The University of Illinois at Chicago (UIC) holds a Federalwide Assurance (FWA) #00000083 from the Office for Human Research Protections (OHRP) in the Department of Health and Human Services (DHHS). This FWA is an agreement between DHHS and UIC to review and approve research involving human subjects in accordance with the ethical principles outlined in the Belmont Report and the DHHS regulations 45 CFR Part 46.  UIC’s Assurance is in effect through September 28, 2023.

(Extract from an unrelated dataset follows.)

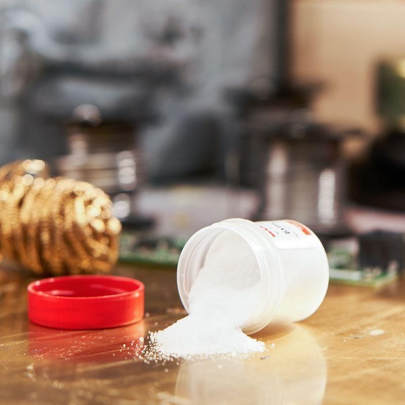 Флюс для пайки (бура) 20 гр. REXANT 09-3655 применяется как вспомогательное средство для паяльных работ и используется как средство подготовки поверхности для пайки, для удаления оксидов с поверхности. Содержит натриевую соль тетраборной кислоты. Рекомендуется при пайке углеродистых сталей, чугуна, меди и её сплавов медно-цинковыми и серебряными припоями, а таже при пайке мельхиора и сплавов драгоценных металлов в ювелирном деле. После пайки требует промывки горячей водой с использованием кисточки или щетки. При использовании необходимо строго соблюдать меры безопасности: при попадании на кожные покровы тщательно промыть поверхность мылом и водой; хранить в плотно закрытой таре вдали детей. Поставляется в емкости из пластмассы, с крышкой, объемом 20 г.
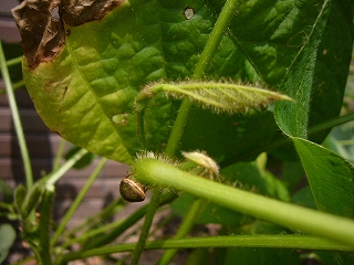 素人の推測だが、エダマメの風通しが悪いのかもしれない。

In addition, The University of Illinois at Chicago IRB complies with the IRB registration requirements for DHHS and the U.S. Food and Drug Administration (FDA).   The IRB registration expires on May 22, 2022.  The UIC IRB registration information is as follows:

  • IRB Organization #: IORG0000080
  • University of Illinois at Chicago IRB #1 ID: IRB00000115
  • University of Illinois at Chicago IRB #2 ID: IRB00000116
  • Chicago Area Institutional Review Board (CHAIRb) ID: IRB00009693

Investigators and sponsors may verify the above information on the Office for Human Research Protections (OHRP) Database for Registered IORGs & IRBs, Approved FWAs, and Documents Received in the Last 60 Days website.

 

Compliance regarding Electronic Signatures.  The UIC IRB allows electronic signatures to document informed consent as long as the regulatory requirements under 21 CFR parts 11, 50, and 56 for FDA regulated studies and DHHS regulatory requirements under 45 CFR 46 are met.

As per 21 CFR 11.100, UIC notified the FDA of its intention to accept electronic signatures as the legally binding equivalent of the traditional hand-written signatures of individuals whose identity the UIC has verified.